I'm sorry, maybe I wasn't clear in my question.

in fact $\displaystyle 4! = 24$, then $\displaystyle 2^4=16$ and $\displaystyle 16+8=24$

Ok, the resolution is intuitive.

But how should I proced in order to prove my result, isolating x, solving the equation etc?

For instance:
(1) $\displaystyle x*(x-1)! = 2^x + 8$

(2) $\displaystyle x = \frac{2^x + 8}{(x-1)!}$

(3) $\displaystyle x = \frac{2^x + 2^3}{(x-1)!}$

(4) $\displaystyle x = \frac{2 * 2^{x-1} + 2^3}{(x-1)!}$

From that point on I dunno how to proced.

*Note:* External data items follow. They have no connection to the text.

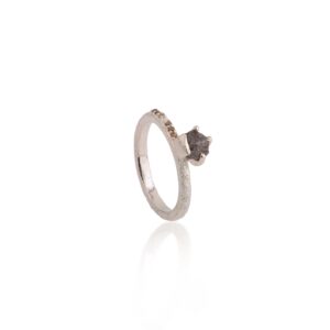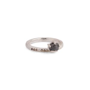 This ring is a symbol of simplicity and silence. It features a unique mined diamond that quietly shines with your inner beauty. The ring is crafted from recycled sterling silver, a material that reflects your simplicity, poise, and elegance. The ring is a mindful luxury that respects the environment and your values. This is a ring for the one who knows her worth and her impact. Treat yourself to the charm of the new A.Deitiy collection.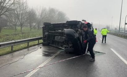Düzce'de, Kuzey Çevre Yolu AFAD Kavşağı geçildikten sonra sürücünün direksiyon hakimiyetini kaybetmesi sonucu bir ambulans kontrolden çıkarak yolun sağ şeridinde devrildi.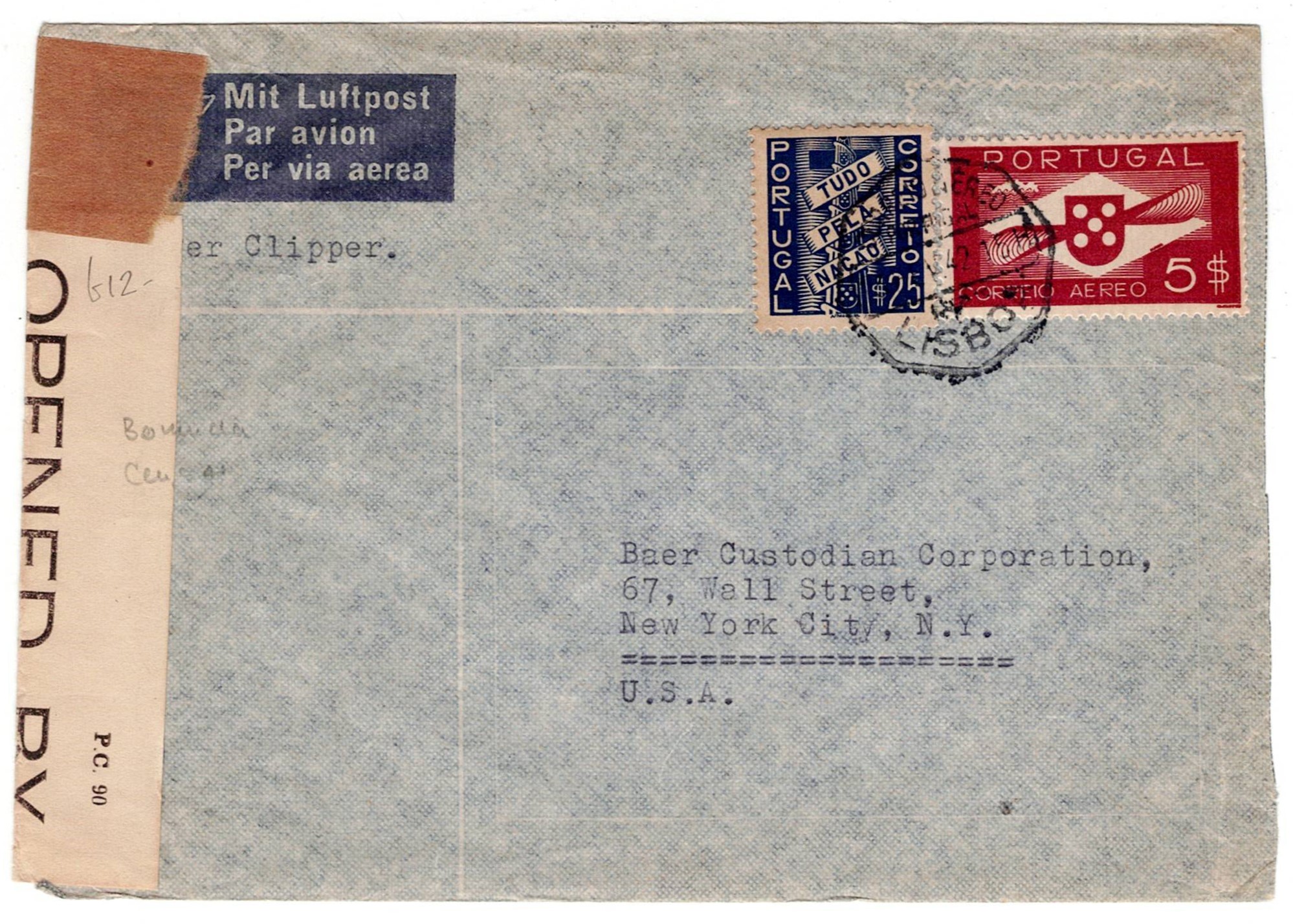 opened by the censor in Lisbon and again by the American censor.(Image 1)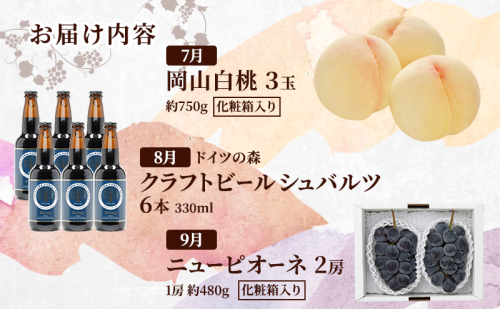 - 定期便 2026年 先行予約 ドイツの森の人気商品と岡山の人気果物 堪能 5回コース 桃 白桃 ビール ぶどう ピオーネ シャインマスカット ドイツの森 ソーセージ 赤磐市

 mrtwhs February 29th, 2016 01:12 PM

Quote:
 Originally Posted by pelluzi (Post 524819) I'm sorry, maybe I wasn't clear in my question. in fact $\displaystyle 4! = 24$, then $\displaystyle 2^4=16$ and $\displaystyle 16+8=24$ Ok, the resolution is intuitive. But how should I proced in order to prove my result, isolating x, solving the equation etc?
Some equations cannot be solved in closed form. This is an example of one.

 pelluzi February 29th, 2016 01:23 PM

Quote:
 Originally Posted by mrtwhs (Post 524828) Some equations cannot be solved in closed form. This is an example of one.
Then shall input that equation onto a software that solves by trial an error whenever I face a equation like that? I mean, when it has no intuitive answer.

 Country Boy February 29th, 2016 01:32 PM

1 does not satisfy the equation because $1!= 1\ne 2^1+ 8= 10$.
2 does not satisfy the equation because $\displaystyle 2!= 2\ne 2^2+ 8= 12$.
3 does not satisfy the equation because $\displaystyle 3!= 6\ne 2^3+ 8= 16$.
As skeeter said, 4 does satisfy the equation: $\displaystyle 4!= 24= 2^4+ 8$.

Then Mrtwhs said "Since 120=5!>25+8=40120=5!>25+8=40 and factorials grow faster than exponentials, the statement clearly has no solutions for x≥5."